There are few people as talented as Thomas Sowell when it comes to
taking a complex situation spanning decades and crossing the
boundary of economics and politics, and then dissecting it out
into the essentials like an anatomy teacher, explaining in clear
as light prose the causes and effects, and the unintended and
yet entirely predictable consequences (for those acquainted with
basic economics) which led to the present mess. This
is a masterpiece of such work, and anybody who's interested in the
facts and details behind the obfuscatory foam emerging from the legacy media
will find this book an essential resource.
Dr. Sowell's books tend to be heavily footnoted, with not only
source citations but also expansions upon the discussion in the main text.

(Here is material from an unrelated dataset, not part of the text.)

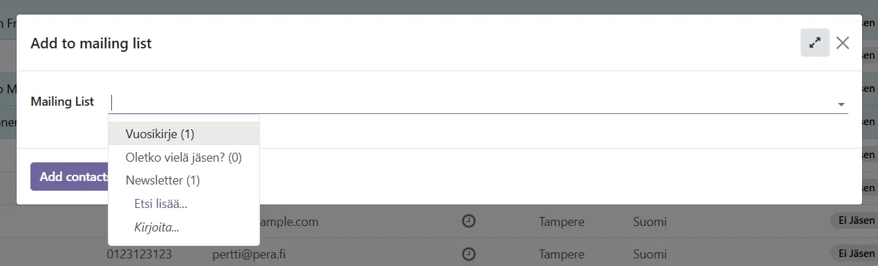 Paina Add contacts to mailing list, jolloin kontaktit lisätään valitsemallesi postituslistalle.
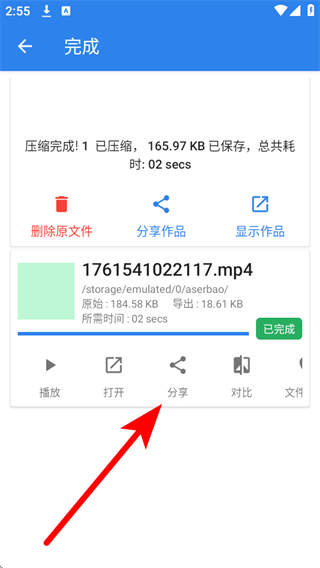 4、壓縮完成后,可點(diǎn)擊分享等按鈕進(jìn)行后續(xù)操作。

The present volume uses a different style, with a lengthy “Sources”
section, a full 19% of the book, listing citations for items in the
text in narrative form, chapter by chapter. Expressing these items
in text, without the abbreviations normally used in foot- or end-notes
balloons the length of this section and introduces much redundancy.
Perhaps it's due to the publisher feeling a plethora of footnotes
puts off the causal reader, but for me, footnotes just work
a lot better than these wordy source notes.